Through detailed research into both patient and programme the architecture of the Palliative Sanatorium transgresses the typical typological relationship between patient and medical processes, arriving at a non-institutional typology with a primary concern for quality of patient experience. To control the duality, between the medical and experiential, the building took form in layers. Shifting the medical to a subservient role, the patient realm takes precedence. Within this patient realm a healing experiential journey is conceived, where the rhythmic compartmentalisation of palliative complementary therapies converge with the healing potential of atmospheric space. This experiential journey does not however become a linear stagistic diagram of spaces, but takes on an organic arrangement, responding to contextual qualities. The complementary therapies, collectively fulfilling a biopsychosocial-spiritual model of healing, are broken down into programmatic experiential criteria. With this, the architectural spaces anthropomorphically materialise in scale and proportion merging with the play of light, materials, textures and olfactory stimulation.
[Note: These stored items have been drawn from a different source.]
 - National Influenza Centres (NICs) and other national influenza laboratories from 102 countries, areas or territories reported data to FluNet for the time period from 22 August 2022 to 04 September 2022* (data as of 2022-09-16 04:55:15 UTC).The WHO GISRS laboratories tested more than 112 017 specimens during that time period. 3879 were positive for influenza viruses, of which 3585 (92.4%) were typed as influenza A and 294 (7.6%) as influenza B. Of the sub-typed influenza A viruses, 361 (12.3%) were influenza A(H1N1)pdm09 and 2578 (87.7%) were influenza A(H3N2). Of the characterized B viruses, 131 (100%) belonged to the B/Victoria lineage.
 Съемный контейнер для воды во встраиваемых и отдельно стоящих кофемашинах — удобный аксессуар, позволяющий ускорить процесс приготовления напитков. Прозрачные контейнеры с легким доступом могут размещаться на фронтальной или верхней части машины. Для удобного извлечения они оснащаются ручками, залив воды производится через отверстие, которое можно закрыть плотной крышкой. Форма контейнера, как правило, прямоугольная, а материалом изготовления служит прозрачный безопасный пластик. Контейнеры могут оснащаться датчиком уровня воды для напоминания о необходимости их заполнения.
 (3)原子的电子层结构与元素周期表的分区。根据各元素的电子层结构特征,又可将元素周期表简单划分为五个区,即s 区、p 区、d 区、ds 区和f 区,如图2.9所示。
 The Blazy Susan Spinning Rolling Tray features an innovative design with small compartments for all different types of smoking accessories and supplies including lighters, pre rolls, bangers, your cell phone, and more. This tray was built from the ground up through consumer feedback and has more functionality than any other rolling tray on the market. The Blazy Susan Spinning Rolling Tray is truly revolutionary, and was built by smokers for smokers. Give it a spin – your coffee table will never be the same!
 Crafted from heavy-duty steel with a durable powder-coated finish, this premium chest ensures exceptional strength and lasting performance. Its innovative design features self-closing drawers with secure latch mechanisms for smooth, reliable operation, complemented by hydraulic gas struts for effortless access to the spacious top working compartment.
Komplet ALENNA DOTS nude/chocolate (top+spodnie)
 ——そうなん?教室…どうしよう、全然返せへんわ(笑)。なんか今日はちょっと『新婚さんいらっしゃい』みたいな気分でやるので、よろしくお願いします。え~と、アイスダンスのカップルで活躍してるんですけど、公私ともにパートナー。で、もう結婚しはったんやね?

Therefore, the experiential journey towards healing and feeling whole unfolds in a sensitive composition; from warm sumptuous walnut retreat-like spaces the cleansing qualities of aquatherapy invite patients to bathe in a shallow ankle-pool. Encouraged by the depth of ash stonewalls, almost measureable on the palate through the warm pool-vapour, the patient explores. Intrigued by the sensual acoustics of water, the patient moves on where assisted bathing transcends tranquillity. In final spaces, light dances through ochre leaves taking advantage of the immuno-healing potential of Biophilic design. After traversing a shadowed compressive space, body posture and breathing open in an anthropomorphic response to scale, where towering light overwhelms in a non-denominative spiritual phenomena.